An improved catalogue for whole-genome sequencing prediction of bedaquiline resistance in Mycobacterium tuberculosis using a reproducible algorithmic approach
Adlard D., Joseph L., Webster H., O'Reilly A., Knaggs J., Peto TEA., Crook DW., Omar SV., Fowler PW.
Bedaquiline (BDQ) has only been approved for use for just over a decade and is a key drug for treating multidrug-resistant tuberculosis; however, rising levels of resistance threaten to reduce its effectiveness. Catalogues of mutations associated with resistance to BDQ are key to detecting resistance genetically for either diagnosis or surveillance.
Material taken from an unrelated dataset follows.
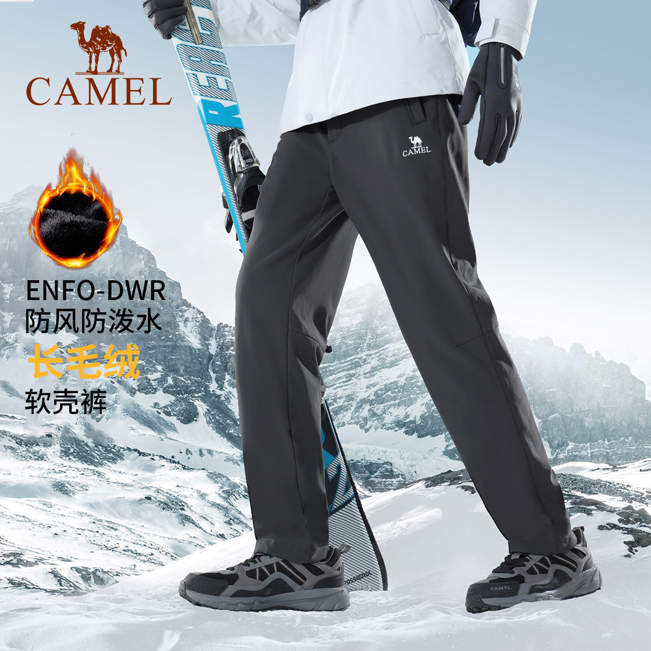 骆驼运动软壳裤男女情侣2025冬季新款防风防泼水户外徒步登山裤

At present, building catalogues requires considerable expert knowledge, often requires the use of complex grading rules and is an irreproducible process. We developed an automated method, catomatic, that associates genetic variants with resistance (or susceptibility) using a two-tailed binomial test with a stated background rate and applied it to a dataset of 11,867 Mycobacterium tuberculosis samples with whole-genome and BDQ susceptibility testing data. Using this framework, we investigated how to best classify variants and the phenotypic significance of minor alleles. The genes mmpS5 and mmpL5 are not directly associated with BDQ resistance, and our catalogue of Rv0678, atpE and pepQ variants attains a cross-validated sensitivity and specificity of 79.4±1.8% and 98.5±0.3%, respectively, for 94±0.4% of samples. Identifying samples with subpopulations containing Rv0678 variants improves sensitivity, and detection thresholds in bioinformatic pipelines should therefore be lowered. By using a more permissive and deterministic algorithm trained on a sufficient number of resistant samples, we have reproducibly constructed a catalogue of BDQ resistance-associated variants that is comprehensive and accurate.